# Brief:
Using only the entries below, copy exactly the lines that begin at the one with "непереносимость компонентов |" and end at the one with "Now let’s take", both included. Drop the pictures.

-- Given data follows --

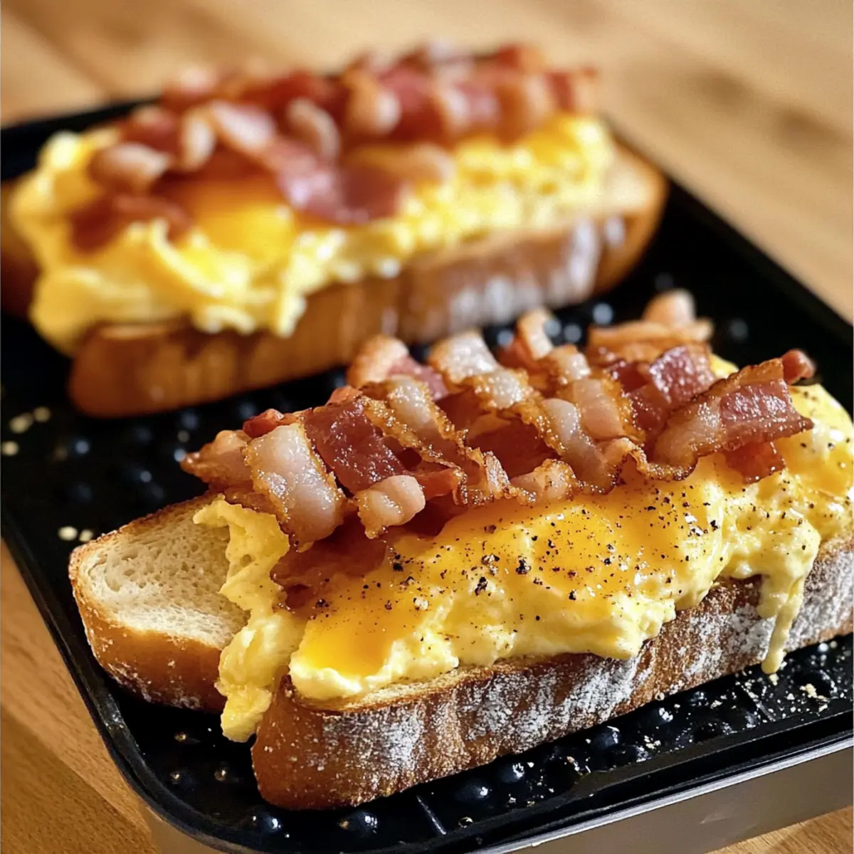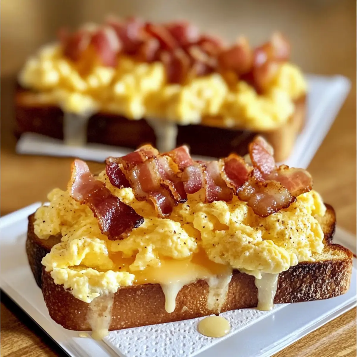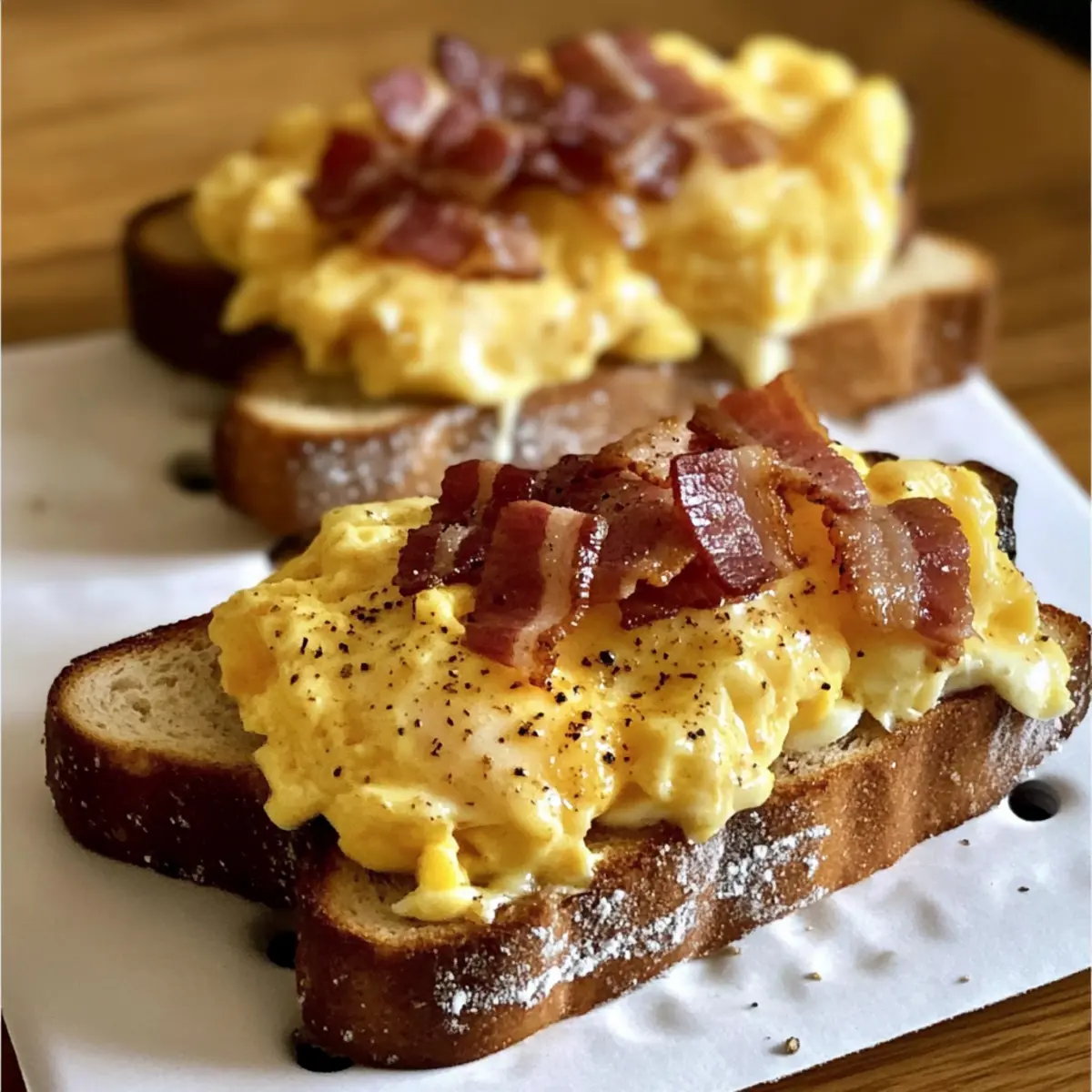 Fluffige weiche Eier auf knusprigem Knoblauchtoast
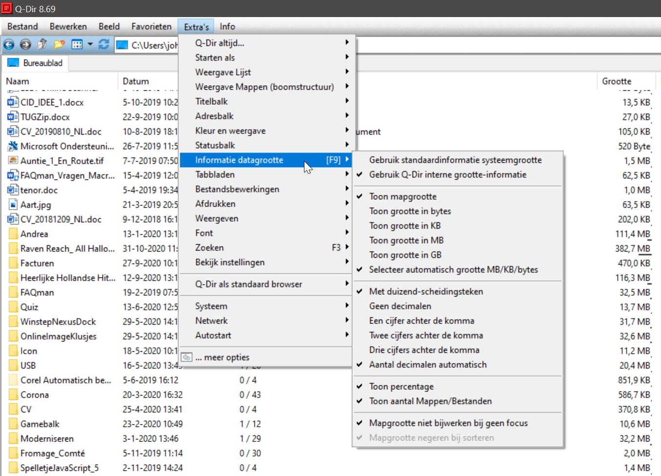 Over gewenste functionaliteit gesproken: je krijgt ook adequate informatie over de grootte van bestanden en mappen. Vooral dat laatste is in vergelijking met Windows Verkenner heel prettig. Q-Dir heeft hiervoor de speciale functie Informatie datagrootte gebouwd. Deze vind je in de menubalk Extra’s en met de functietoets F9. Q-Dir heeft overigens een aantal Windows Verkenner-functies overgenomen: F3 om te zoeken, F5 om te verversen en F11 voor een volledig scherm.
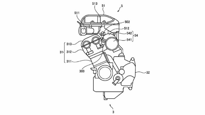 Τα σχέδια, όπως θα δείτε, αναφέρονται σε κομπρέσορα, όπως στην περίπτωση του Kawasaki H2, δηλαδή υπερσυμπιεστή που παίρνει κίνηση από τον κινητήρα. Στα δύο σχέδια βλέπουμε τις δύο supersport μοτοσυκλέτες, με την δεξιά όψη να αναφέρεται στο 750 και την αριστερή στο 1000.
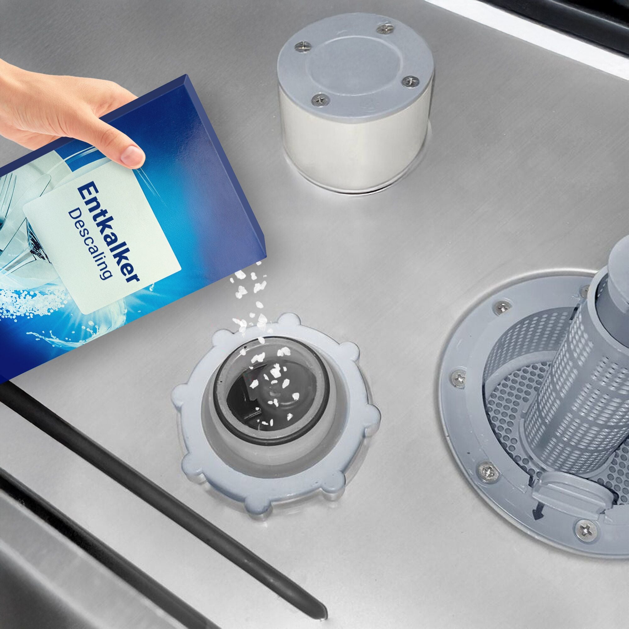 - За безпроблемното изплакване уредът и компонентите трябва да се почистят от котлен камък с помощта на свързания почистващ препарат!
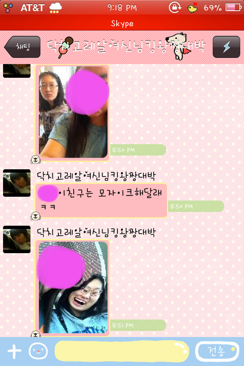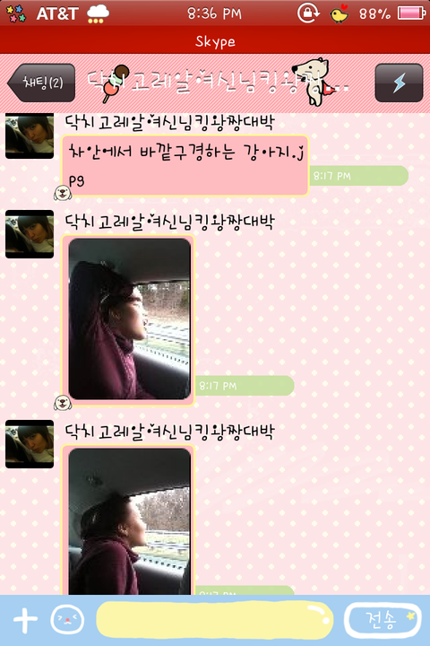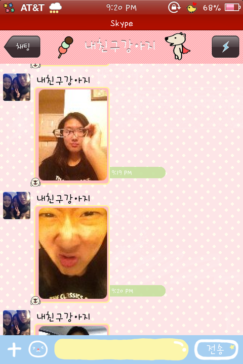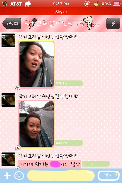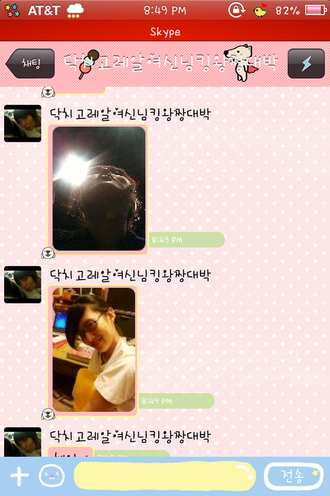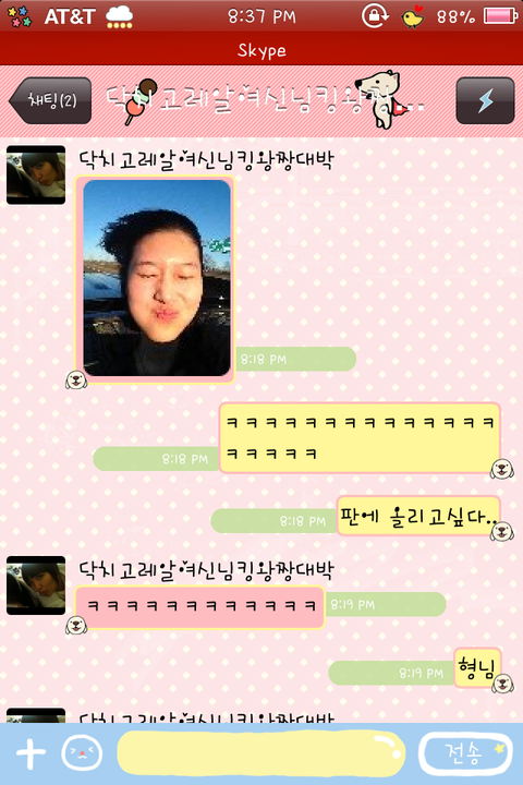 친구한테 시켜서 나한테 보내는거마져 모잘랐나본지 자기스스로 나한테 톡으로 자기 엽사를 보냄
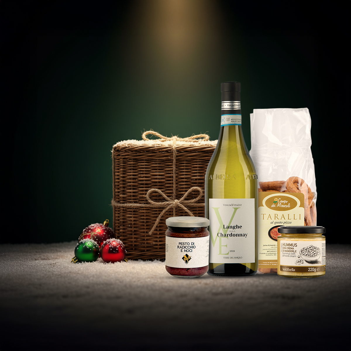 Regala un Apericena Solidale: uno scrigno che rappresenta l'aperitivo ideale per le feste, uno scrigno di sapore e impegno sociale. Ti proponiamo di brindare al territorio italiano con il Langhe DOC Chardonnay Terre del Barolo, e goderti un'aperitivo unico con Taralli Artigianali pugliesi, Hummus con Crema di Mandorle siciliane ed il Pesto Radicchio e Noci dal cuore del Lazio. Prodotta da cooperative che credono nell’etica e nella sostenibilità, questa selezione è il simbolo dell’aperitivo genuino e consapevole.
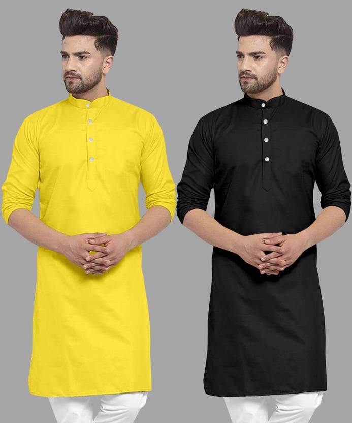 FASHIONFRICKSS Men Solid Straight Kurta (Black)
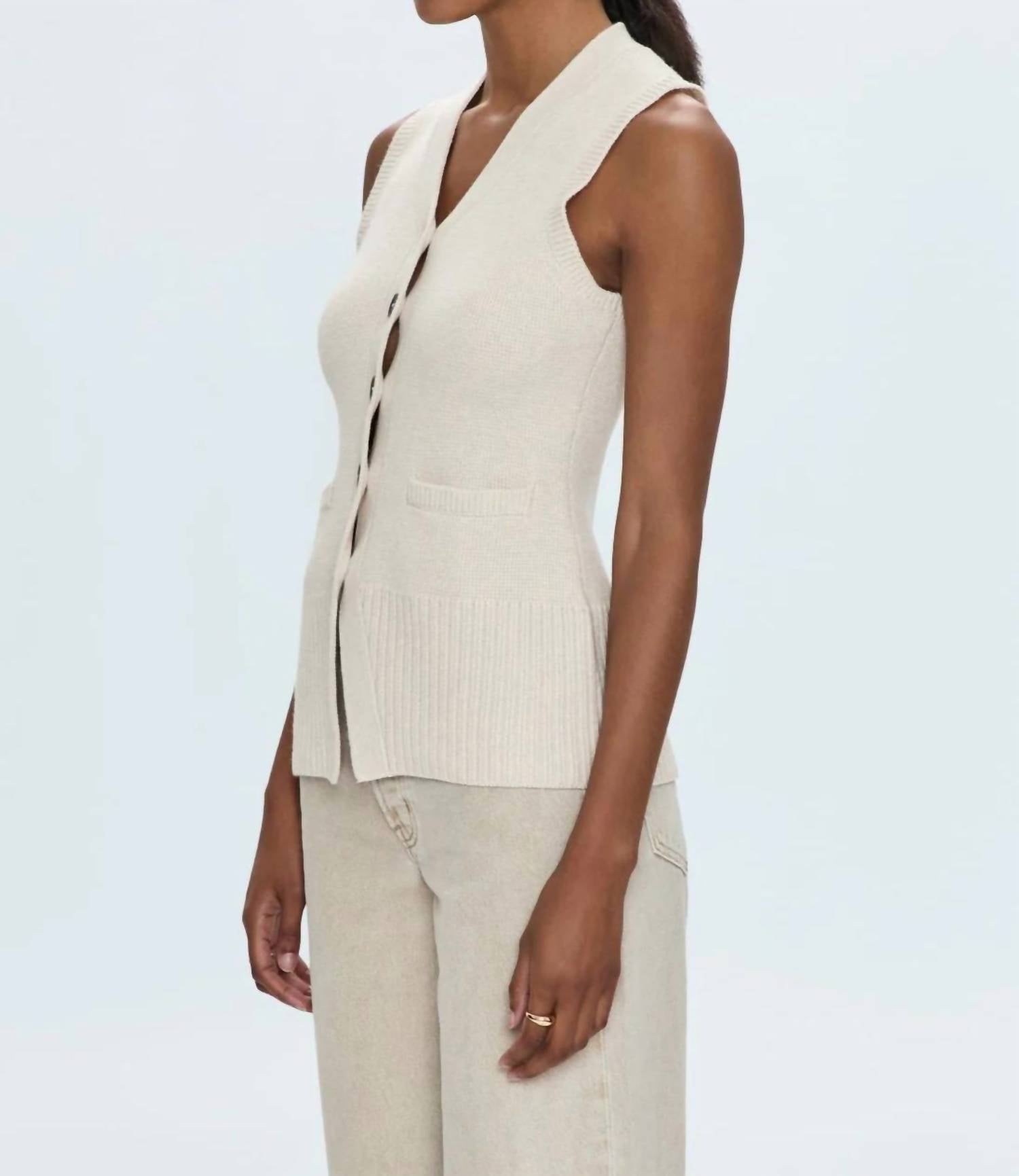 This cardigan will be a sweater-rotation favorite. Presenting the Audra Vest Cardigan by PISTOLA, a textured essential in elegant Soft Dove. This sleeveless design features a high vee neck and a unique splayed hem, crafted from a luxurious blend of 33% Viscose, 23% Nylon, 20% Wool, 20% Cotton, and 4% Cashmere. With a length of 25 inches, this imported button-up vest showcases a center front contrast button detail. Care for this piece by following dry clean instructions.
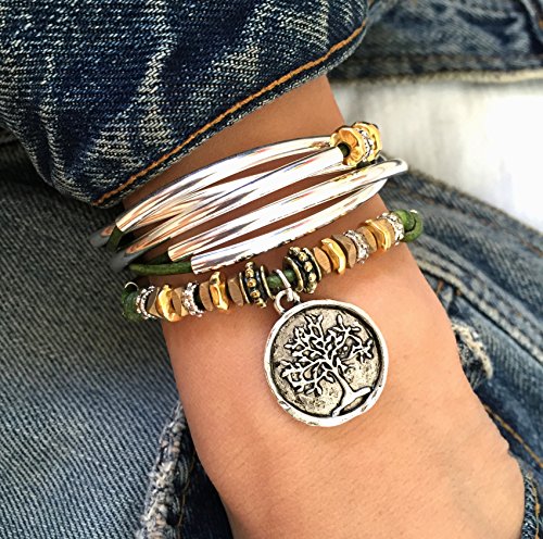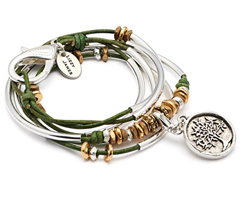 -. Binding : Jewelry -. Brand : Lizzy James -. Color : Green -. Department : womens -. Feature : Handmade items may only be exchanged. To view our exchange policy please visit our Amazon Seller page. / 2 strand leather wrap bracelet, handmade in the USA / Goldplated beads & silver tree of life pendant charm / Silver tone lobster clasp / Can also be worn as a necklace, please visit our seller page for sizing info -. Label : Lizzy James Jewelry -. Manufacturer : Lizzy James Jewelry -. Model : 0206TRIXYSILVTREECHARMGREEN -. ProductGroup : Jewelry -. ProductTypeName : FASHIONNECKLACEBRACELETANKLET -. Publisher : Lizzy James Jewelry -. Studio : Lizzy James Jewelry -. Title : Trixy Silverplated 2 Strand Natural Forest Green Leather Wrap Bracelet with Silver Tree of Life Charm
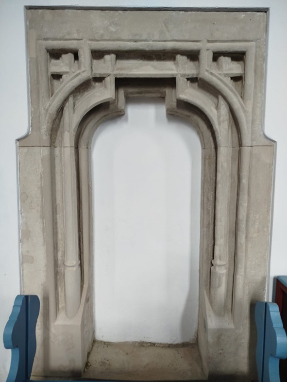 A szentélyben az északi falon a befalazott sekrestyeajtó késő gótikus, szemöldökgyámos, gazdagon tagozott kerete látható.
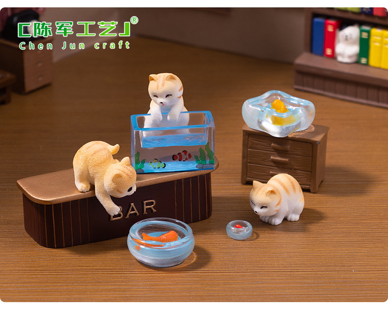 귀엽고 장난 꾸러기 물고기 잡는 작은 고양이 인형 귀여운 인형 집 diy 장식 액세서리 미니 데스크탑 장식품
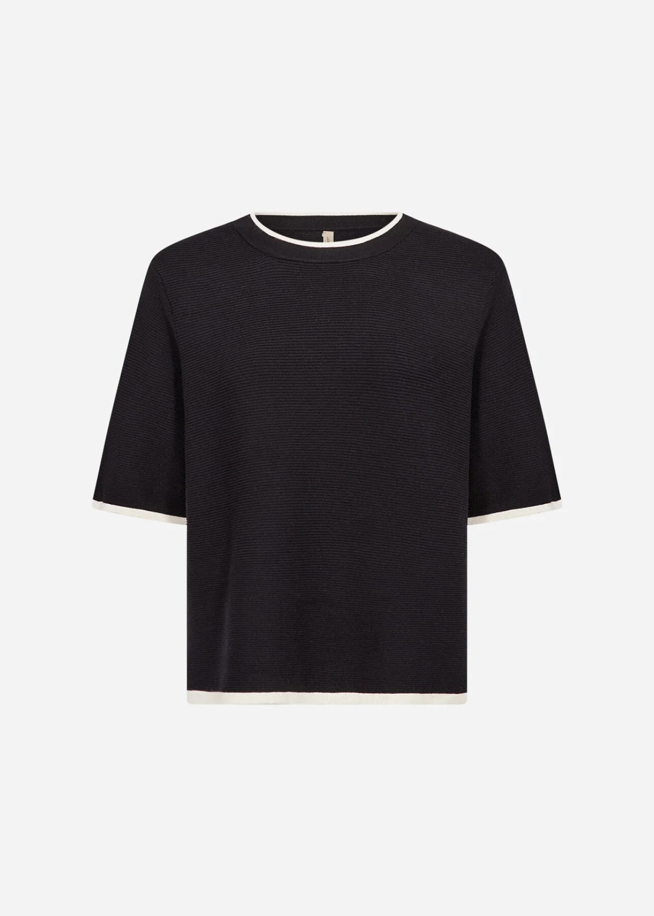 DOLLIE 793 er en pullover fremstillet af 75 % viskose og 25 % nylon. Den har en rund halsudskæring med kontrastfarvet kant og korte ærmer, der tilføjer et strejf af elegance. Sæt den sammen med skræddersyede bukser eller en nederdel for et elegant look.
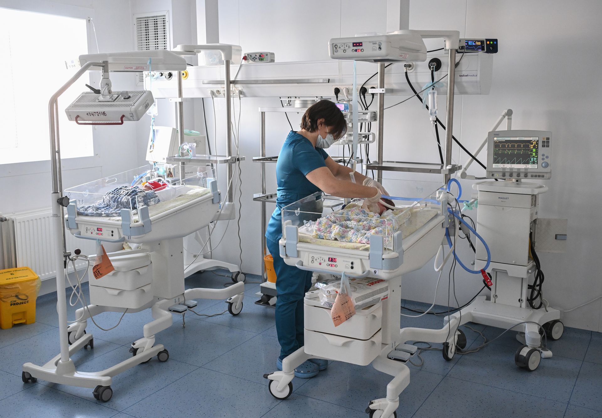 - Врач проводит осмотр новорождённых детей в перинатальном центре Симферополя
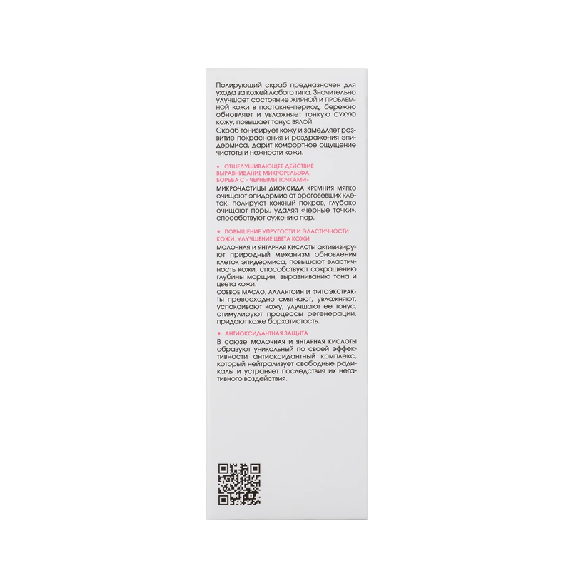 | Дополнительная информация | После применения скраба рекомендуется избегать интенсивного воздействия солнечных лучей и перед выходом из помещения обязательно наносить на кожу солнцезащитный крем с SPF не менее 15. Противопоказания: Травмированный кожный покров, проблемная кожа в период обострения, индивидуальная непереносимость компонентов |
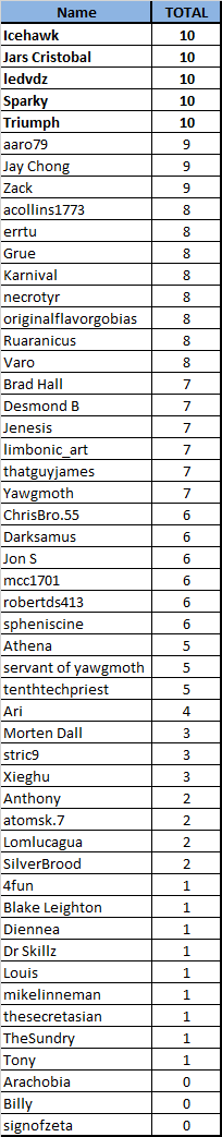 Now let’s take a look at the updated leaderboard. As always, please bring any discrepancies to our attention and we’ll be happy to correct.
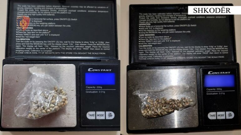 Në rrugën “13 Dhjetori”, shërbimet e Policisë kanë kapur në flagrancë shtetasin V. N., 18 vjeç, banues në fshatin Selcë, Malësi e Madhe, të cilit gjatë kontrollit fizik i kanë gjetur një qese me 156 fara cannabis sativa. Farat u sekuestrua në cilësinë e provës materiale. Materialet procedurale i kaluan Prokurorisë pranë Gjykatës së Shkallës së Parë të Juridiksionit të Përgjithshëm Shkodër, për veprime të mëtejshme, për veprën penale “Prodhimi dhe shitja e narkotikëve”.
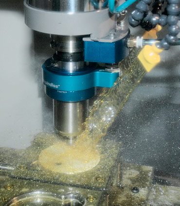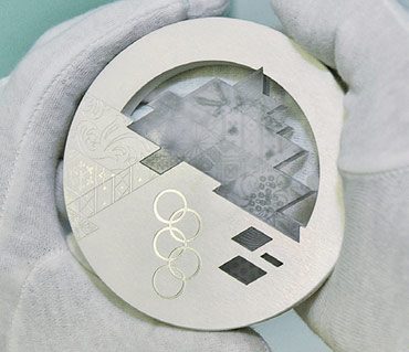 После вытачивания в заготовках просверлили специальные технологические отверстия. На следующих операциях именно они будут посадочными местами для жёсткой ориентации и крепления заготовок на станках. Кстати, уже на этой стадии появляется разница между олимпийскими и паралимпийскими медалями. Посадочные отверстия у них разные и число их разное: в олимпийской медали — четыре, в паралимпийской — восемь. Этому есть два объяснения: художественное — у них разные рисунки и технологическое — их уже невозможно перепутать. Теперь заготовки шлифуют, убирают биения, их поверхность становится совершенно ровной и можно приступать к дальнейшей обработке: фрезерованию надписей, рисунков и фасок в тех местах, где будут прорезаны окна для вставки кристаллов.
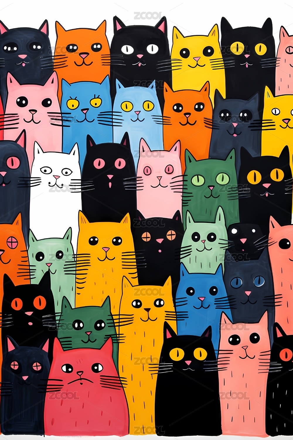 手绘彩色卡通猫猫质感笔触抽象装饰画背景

-- Given data concluded --

# Written response:
 | Дополнительная информация | После применения скраба рекомендуется избегать интенсивного воздействия солнечных лучей и перед выходом из помещения обязательно наносить на кожу солнцезащитный крем с SPF не менее 15. Противопоказания: Травмированный кожный покров, проблемная кожа в период обострения, индивидуальная непереносимость компонентов |
 Now let’s take a look at the updated leaderboard. As always, please bring any discrepancies to our attention and we’ll be happy to correct.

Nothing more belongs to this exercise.